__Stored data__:
+++

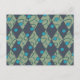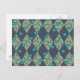 Harlequin diamond pattern background in purple-blue and eggshell. Bright blue circles with balls.
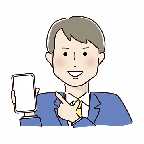 【ビジネス用】携帯電話を指さすスーツを着た男性
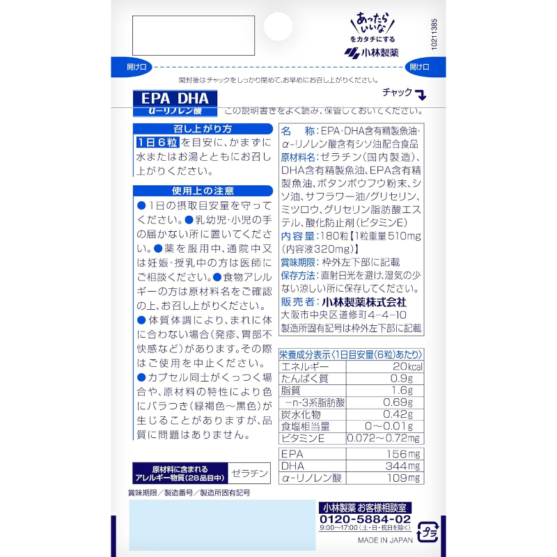 [商品名称] 小林制药 精选青鱼精华 Omega-3复合脂肪酸 营养补充胶囊 180粒 (EPA+DHA+α-亚麻酸) 易于吞服 关注血液循环
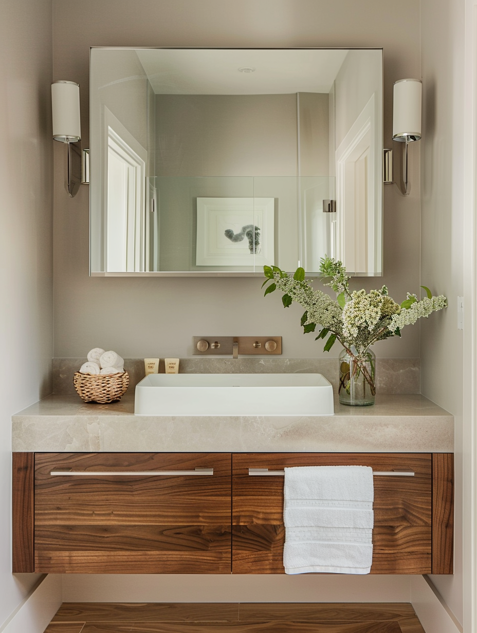 Showcasing different textures and materials is a very easy way to dress up a small bathroom. Blend smooth tiles of natural wood with light metal fixtures and soft textiles. The method makes up an interactive and warm zone, where each and every component supplements the other, which in turn creates depth without overshadowing the limited zone.
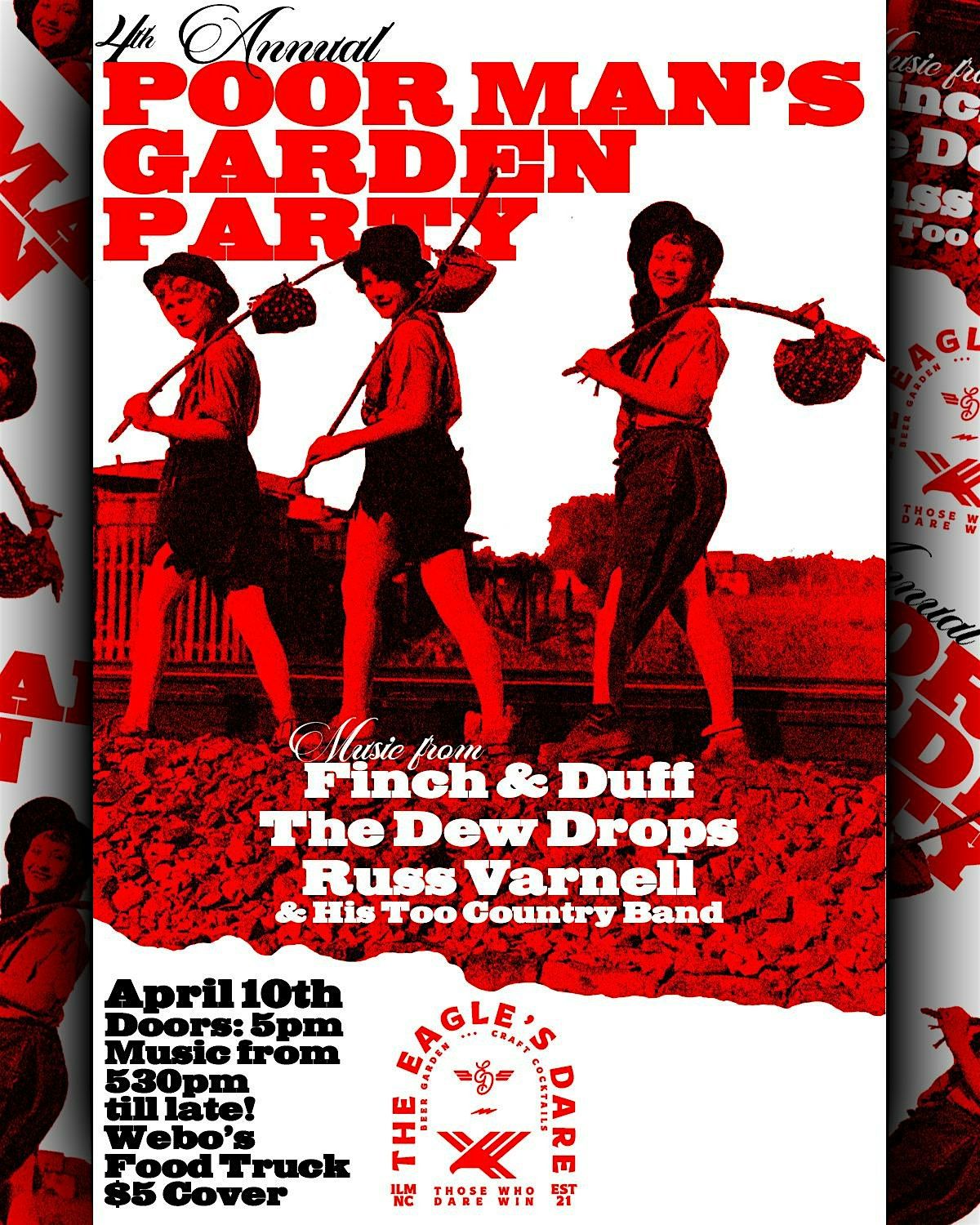 Skip the fancy and come get rowdy at The Poor Man’s Garden Party at The Eagle’s Dare on Friday, April 10th from 5–11pm!

+++

__What needs to be done__: Line by line and exactly, reproduce the span from the line with "[商品名称] 小林制药 精选青鱼精华" through the end of the data above, both ends included, with pictures left out.

__Written solution__:
 [商品名称] 小林制药 精选青鱼精华 Omega-3复合脂肪酸 营养补充胶囊 180粒 (EPA+DHA+α-亚麻酸) 易于吞服 关注血液循环
 Showcasing different textures and materials is a very easy way to dress up a small bathroom. Blend smooth tiles of natural wood with light metal fixtures and soft textiles. The method makes up an interactive and warm zone, where each and every component supplements the other, which in turn creates depth without overshadowing the limited zone.
 Skip the fancy and come get rowdy at The Poor Man’s Garden Party at The Eagle’s Dare on Friday, April 10th from 5–11pm!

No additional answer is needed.